He wrote for me from 1968 till the day he died [in 1991]. They’re now not at all times essentially the most widely known, the songs that I sang, however they’re some of the most lovely. And essentially the most tear-jerky, in some way, was once after I left him. Why he went on asking me to interpret the songs that I had impressed I don’t know — however most likely he knew that I’d be trustworthy a minimum of to that.
The concept of taking the songs — that are so rooted in numerous kinds, from pop to chanson to yé-yé to reggae — and making them orchestral sounds counterintuitive. But I perceive classical tune was once vital to him. How so?
Numerous the songs he wrote, now not just for me however for others, had been from classical tune. So “Jane B.” was once Chopin.
Whenever he sought after to offer us one thing truly gorgeous, he from time to time wrote it on classical tune — most likely out of a type of modesty, of at all times being so admiring of classical paintings that in some way he sought after to offer us the most efficient. From his pianist days — he was once a pianist at a bar in Le Touquet [a seaside town in northern France], and his father was once a classical musician — it was once from his upbringing that he knew such a lot about classical tune. Brahms was once “Baby Alone in Babylone.”
Did he pay attention to a lot classical tune?
He did when his mom died. He had bouts of short of to be unhappy, and then he would put on classical tune. Glenn Gould he at all times had below his elbow. And he had, on his little desk, an image of Chopin, and Chopin’s hand.
Is it more difficult or more effective to sing songs that had been written for you, that will have to deliver up such a lot of reminiscences?
When he first gave them to me, they had been private — and then I used to be now not essentially the most efficient receiver. I from time to time idea that he had a hidden message. And, in truth, after I pay attention to the phrases now, they’re much more gorgeous than I understood then. Many unhappy issues have came about now, like Kate [one of her daughters, who died in 2013]. So if I call to mind anything else, I from time to time call to mind her.
It sounds as though this venture had its roots in that tragedy.
I wasn’t superb on my very own. I didn’t know what to do. I spotted the significance of going into folks’s lives, of going to the cinema — I’d from time to time see 3, 4 movies an afternoon, from time to time see two, 3 performs every week. To perceive folks’s tales, to not take into accounts your self such a lot. It is helping, folks’s tales.

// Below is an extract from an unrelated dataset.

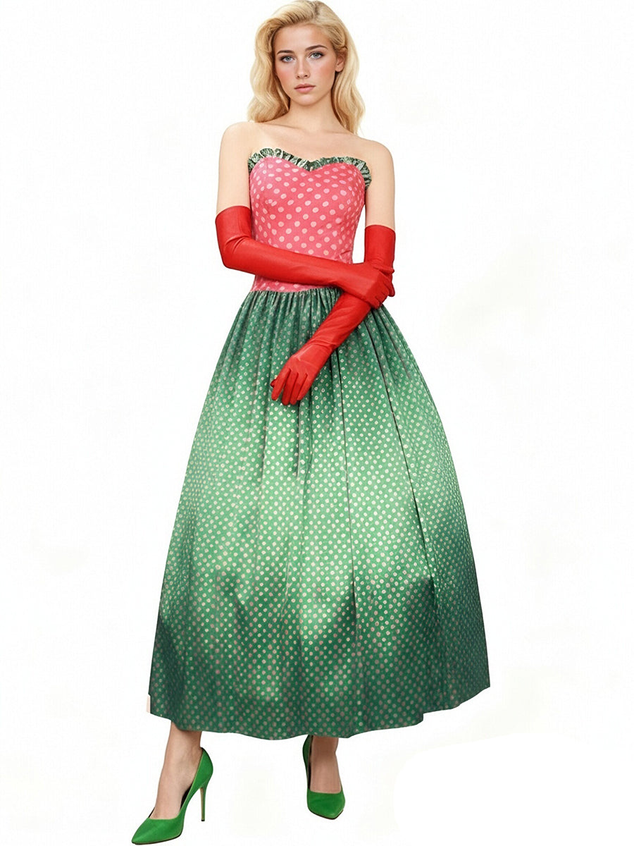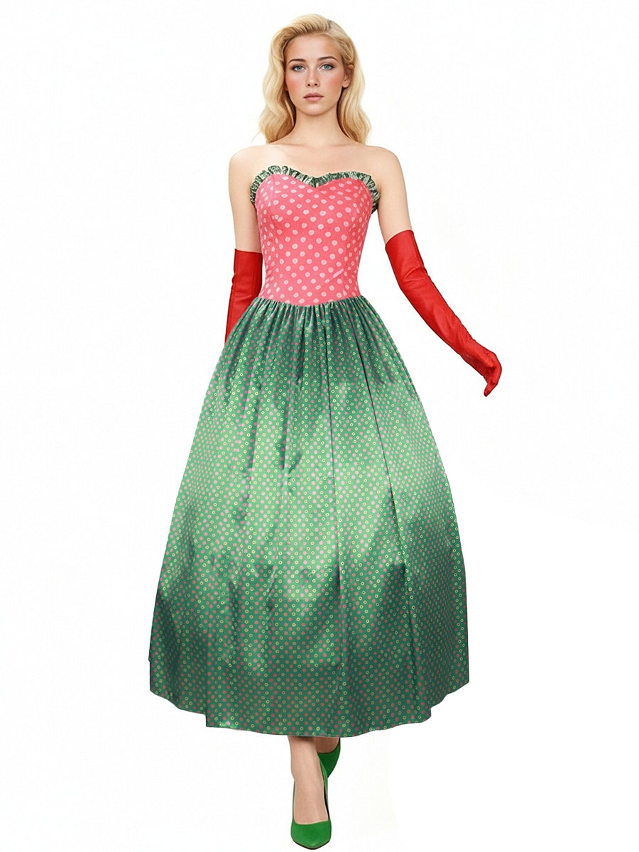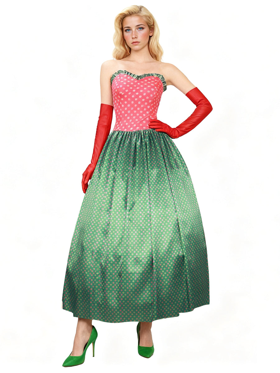 Design: Anime Martha May Christmas Dress: This strapless maxi dress features a long green skirt with attached corset style pink top, and an allover polka dot print, Bring holiday cheer to your wardrobe with this classic character dress.

Somehow making a song Serge’s songs, and realizing that folks would have reminiscences, more than likely about after I sang them first, that’s quite great.
What was once it like recording a sexually charged tune like “Je T’Aime … Moi Non Plus,” realizing it was once written for Gainsbourg’s ex, Brigitte Bardot, who didn't need their recording of it launched as a result of she was once married to anyone else? Was that bizarre?
No, no — I didn’t need any one else to sing it! Serge rang me up years after that and he mentioned, “I’ve got some bad news for you.” And I mentioned: “What? Say it quickly, then.” And he mentioned, “Brigitte’s been on the phone and she wants to bring out ‘Je T’Aime’ — her version.” I take note pondering that that was once rather simply and right kind, as it was once her tune. I nonetheless to find her model very troubling — it’s an exquisite and stunning model — so, if anything else, I've to thank her for now not short of it to come back out.
I perceive you intend to submit your diaries?
Yes, I’m seeking to translate them into French, even now. There are humorous issues, captivating issues with Serge — however beautiful miserable private stuff. It was once a lot more about how disheartened I used to be, of now not being beautiful.
From the out of doors having a look in, that’s laborious to consider. Few other people were extra glamorous, or extra universally regarded as gorgeous.
I realize it will have to be disturbing when other people say that — I’ve examine truly gorgeous other people pronouncing, “Well, I didn’t think I was much,” and I believe, “Oh God, with looks like that, I could have sunk a ship.” It’s true that if you happen to’re now not with the individual you're keen on, and they’re now not having a look at you, then it doesn’t subject what you appear to be.